A genuine introduction — where I'm from, how I got here, and an honest account of a path that was never particularly planned.

21 June 2026

Career stories have a way of sounding more deliberate in retrospect than they actually were. Someone asks how you ended up doing what you do, and you tell them a version where each step connects to the next, where the logic is visible, where it sounds like you knew what you were heading toward, and most of the time it’s just made up. Our brain loves to connect ideas and in retrospect, put everything under a “hidden logic”.

I don’t really have that version. What I have is a series of decisions that made sense at the time, in a context I no longer fully remember, made by a person who was working with incomplete information, which is to say, the usual situation.

Where this starts

I grew up in Girona, in Catalonia — a mid-sized city an hour from Barcelona that most people know, if they know it at all, from cycling stages and since a few years back because of the football team. I did my undergraduate and master’s degrees there, at the University of Girona, in biology and molecular biology. I do remember why I chose biology. It was the subject that seemed most alive to me. Scientific but messy, and the one where I found myself most willing to keep thinking past what the exam required. My teachers actually pushed me to do chemistry. In retrospect, both would have been great.

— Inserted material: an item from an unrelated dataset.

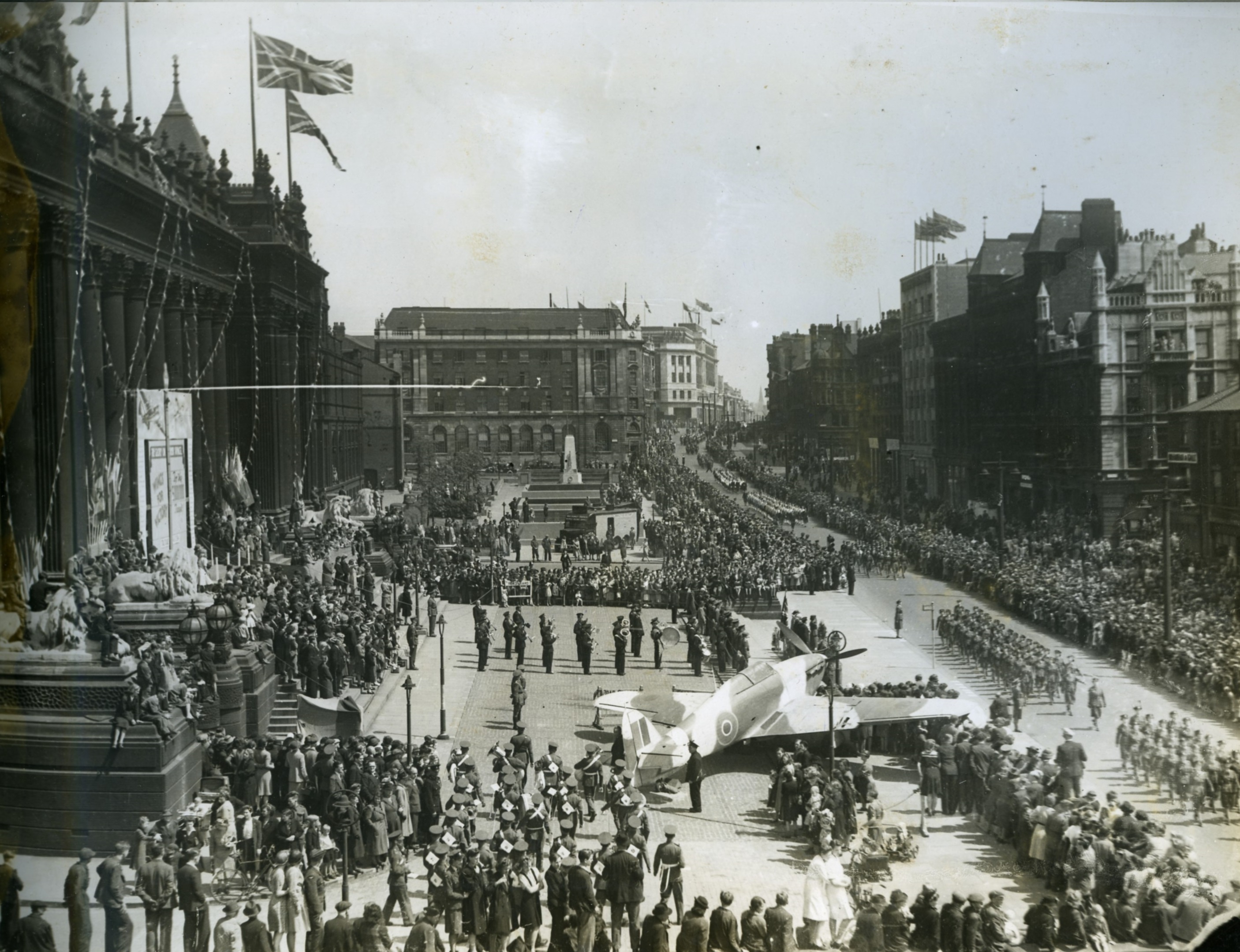 A spectacular parade marches down The Headrow as a military band plays in front of Leeds Town Hall and a majestic Second World War fighter plane wows the excited crowd of thousands.

The specific interest in proteins came later, gradually. Not a revelation, just an accumulating sense that this was worth understanding better. How do these micromachines control live and yet, I know so little about them. And then comes the first time you see it in a computer and can play with it, and the WOW moment. That was it for me. Proteins all the way.

Leaving

The first real “figure it out” moment was applying for a PhD at the University of Nottingham.

Moving to another country for a degree is the kind of decision that is easy to describe and not entirely easy to make. You don’t know what the city will feel like. In fact, I didn’t even know where Nottingham was precisely. UK, sure, but not much more. Great though, it had a direct fligh from Girona. And then come the worries about the work itself. Whether you’ll like the lab culture, whether the project will go anywhere, whether you’ll find people you actually want to spend time with. You go anyway because the alternative, staying where it’s comfortable, felt too safe.

Nottingham turned out to be great. The PhD was in chemical biology, working on enzymes in ways that pushed me toward the biocatalysis and immobilization questions I’ve spent most of my career on since. I defended in 2019 and moved to Bern for a postdoc, which was itself another iteration of the same pattern: an opportunity that seemed worth taking, a place I didn’t know, a project I couldn’t fully evaluate in advance.

The startup years

inseit started not as a plan but as a question I couldn’t let go of: if the analysis I was doing by hand — and eventually in CapiPy — could be automated and systematised, could that become something more than a research tool? Could it become a product?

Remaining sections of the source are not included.